I don't know how compelling I would have found AofA if I didn't fit into that last category, but cruising through his gallery of phobias made me feel validated if not vindicated.
Scott and I part ways when it comes to managing anxiety, fear, hope, and dread. Maybe it's an east coast-west coast thing, but in this part of the world, "benzodiazepine" is usually followed by the word "addiction." My idea of bliss is a bottle of lorazepam in my pocket, but doctors are loath to hand out prescriptions, and after enduring the humiliation of begging for just enough meds to get through specific occasions (like the aforementioned wedding), I've gravitated to more natural remedies. Not as effective, but more politically correct.
For anyone who does not suffer from debilitating anxiety -- lucky you! -- this book will give you a glimpse into what it's like to feel stress for no reason at all. And the stress he describes includes the hardhitting physical attacks that can make the sufferer feel as though s/he's having a heart attack, on the verge of fainting, or just about ready to v-word.
I have one small complaint about the book, and I should note that I have an uncorrected proof, and that pertains to footnotes.
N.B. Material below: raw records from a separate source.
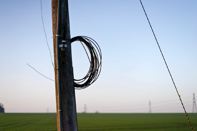 Landscape. The East Hertfordshire landscape is beset by pylons and overhead cables. I was attracted by the contrast here of the sharp coil of cable on the telegraph pole against the hint of a soft landscape (complete with pylons) under a clear blue sky in the background. I guess I was trying to make a small comment about technology upsetting our view of the countryside, but in competition the judge didn't see the point of the image at all. It's not often that I walk around with a 'standard lens' on the camera, but I really like the diminutive (by modern standards), sharp and almost distortion-free AF Nikkor 50mm f/1.8D.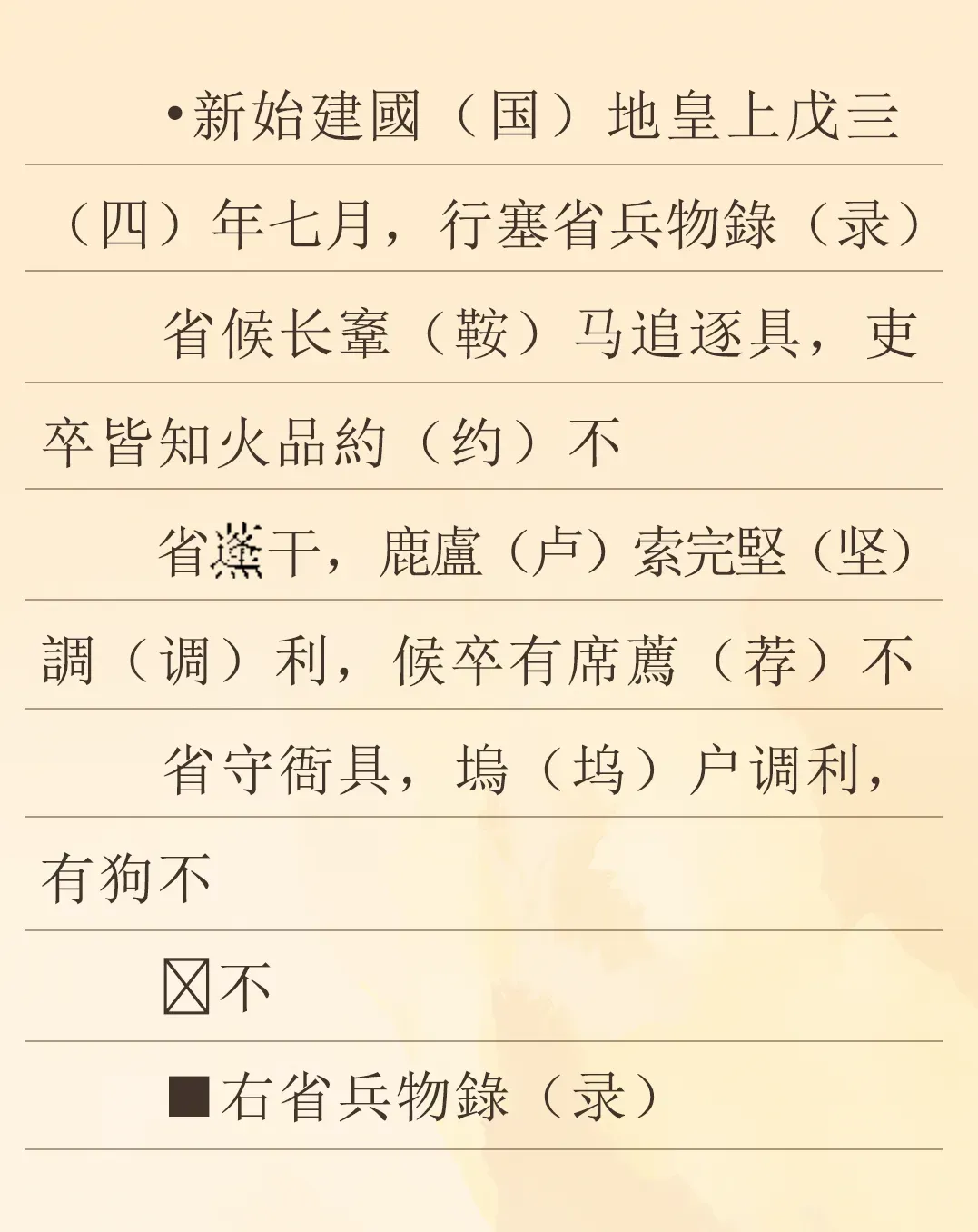 该简册名为《新始建国地皇四年行塞省兵物录》,简文所言“行塞”是指上级部门视察边塞亭隧的各项工作,是上级部门对所属下级部门的一种督察制度。从相关简文记载可知,这种督察制度主要有行塞举、行塞省和行塞劳等三种。
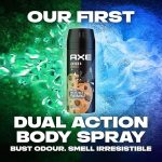 Stay fresh and confident with AXE Collision Leather & Cookies Body Spray. This 150ml aerosol spray delivers 48 hours of odour protection with its dual action zinc formula, ensuring long-lasting freshness. The scent combines the bold richness of leather with the sweet twist of cookies, creating a fragrance that is both daring and unforgettable.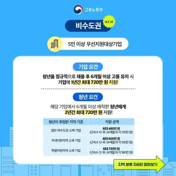 내년(2026년)부터는 청년들이 지방에서 취업·성장할 수 있도록 지원이 강화된 <비수도권 청년일자리도약장려금>이 신설됩니다. 비수도권 청년일자리도약장려금은 청년이 취업한 지역을 기준으로 일반 비수도권 소재 기업은 최대 480만 원, 우대지원지역 소재 기업에 취업한 청년에게는 최대 600만 원, 특별지원지역 소재 기업에 취업한 청년에게는 최대 720만 원의 지원금을 지급합니다.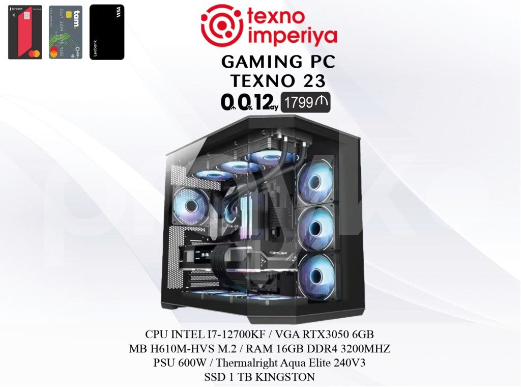 🔥 Gaming PC TEXNO 23 – Güclü Performans, Əlverişli Qiymət! 🎮 💻 Model: Gaming PC TEXNO 23 🏷️ Qiymət: 1599 AZN ➡️ Prosessor (CPU): Intel Core i7-12700KF – 12 nüvəli yüksək sürətli prosessor, həm oyunlar, həm də ağır proqramlar üçün mükəmməldir 🖥️ Videokart (VGA): NVIDIA GeForce RTX 3050 6GB – Full HD oyun təcrübəsi, ray tracing texnologiyası ilə daha real görüntülər 💡 Ana Kart (MB): ASRock H610M-HVS/M.2 – Sabit və performanslı sistem üçün effektiv platforma 📊 RAM: 16GB DDR4 3200MHz – Aydın və sürətli əməliyyatlar üçün kifayət qədər yaddaş ❄️ Soyutma sistemi: Thermalright Aqua Elite 240 V3 ARGB – Güclü və səssiz soyutma ilə prosessoru yüksək yük altında da sərin saxlayır 🔌 Qida Bloku (PSU): Zalman WattBit 600W – Etibarlı enerji ötürülməsi və sabit iş 💾 SSD: 1TB M.2 – Sürətli açılış və məlumat ötürməsi, oyunlar və proqramlar üçün geniş yer 🖥️ Korpus (Case): ZALMAN N4 REV – ARGB işıqlı, müasir və sərin hava axınına malik dizayn 🌟 Niyə Məhz Bu Model? TEXNO 23, oyunçular və gündəlik güclü istifadə üçün balanslı və əlverişli bir seçimdir. RTX 3050 6GB ilə Full HD oyunlarda yüksək FPS əldə edə bilərsiniz. Intel i7-12700KF prosessoru isə multitasking və performanslı tətbiqlərdə maksimum sürət təklif edir. Thermalright 240mm su soyutma sistemi və Zalman dizaynlı korpus ilə həm vizual, həm də texniki baxımdan yüksək səviyyəli bir sistem əldə etmiş olursunuz. 🖥️ Kimlər Üçün Uyğundur? – Oyunçular (CS2, Valorant, GTA V, FIFA 24 və s.) – Video montaj və dizayn işləri görənlər – Gündəlik peşəkar istifadə üçün kompakt, amma güclü sistem istəyənlər – Kompüter kursları və ofis istifadəsi üçün gələcəyə davamlı PC 📦 Əlavə Üstünlüklər: ✅ ARGB işıqlandırma ilə estetik görünüş ✅ 1TB SSD ilə bol yaddaş ✅ DDR4 RAM ilə optimallaşdırılmış performans ✅ 600W güc blokuyla sabit enerji dəstəyi 📍 Baki ş. Şamil Əzizbəyov küç. 148 (28 Mall T/M yaxınlığı) “Texno Imperiya” komandası olaraq sizə seçimlərinizdə dəstək ola bilərik. Mağazamızdan ödənişsiz çatdırılma xidmətimiz ilə məhsullarımızı istənilən ödəniş üsulu (NAĞD, KÖÇÜRMƏ, TAKSİT) ilə ala bilərsiniz. Gaming PC, TEXNO 23, Intel i7-12700KF, RTX 3050 6GB, RTX gaming kompüter, DDR4 RAM 16GB, 1TB SSD M.2, Thermalright Aqua Elite 240V3, gaming üçün PC, büdcəyə uyğun oyun kompüteri, Full HD gaming, Zalman N4 REV, Zalman Wattbit 600W, performanslı PC, ucuz gaming PC, tap.az oyun kompüterləri, peşəkar PC təklifi, ARGB sistemli kompüter.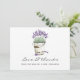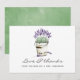 Trendiga lantliga chic lavendelbröllop tack-kort med salvia grön vattenfärg tvätt bakgrund.

I personally love footnotes, and tend to use them myself when reading and writing, and sometimes even footnotes of footnotes when the need arises, as it so often does. In AofA, you don't want to ignore the footnotes because the tangents are at least as fascinating as the main text. However, I had a few stress-inducing moments flipping back and forth between text and often-lengthy footnotes. I'd have rather seen most of the footnotes -- the ones that were really separate anecdotes rather than typical footnotes -- embedded in the body of the text.
I also have one small amplification, and that's about consumer-oriented genetic testing. Although Scott describes it as expensive and incomplete, it's come down in price -- 23andMe and others charge under $100 -- and customers can download their raw data. The science is evolving rapidly, but anyone who has a dash of OCD along with the anxiety can spend way too much time exploring the links between SNPs and stress.
Writing this review is making my heart pound, so I'm going to pop a black cohosh/valerian and go for a walk. If you have no idea what that's about: read this book and welcome to my world.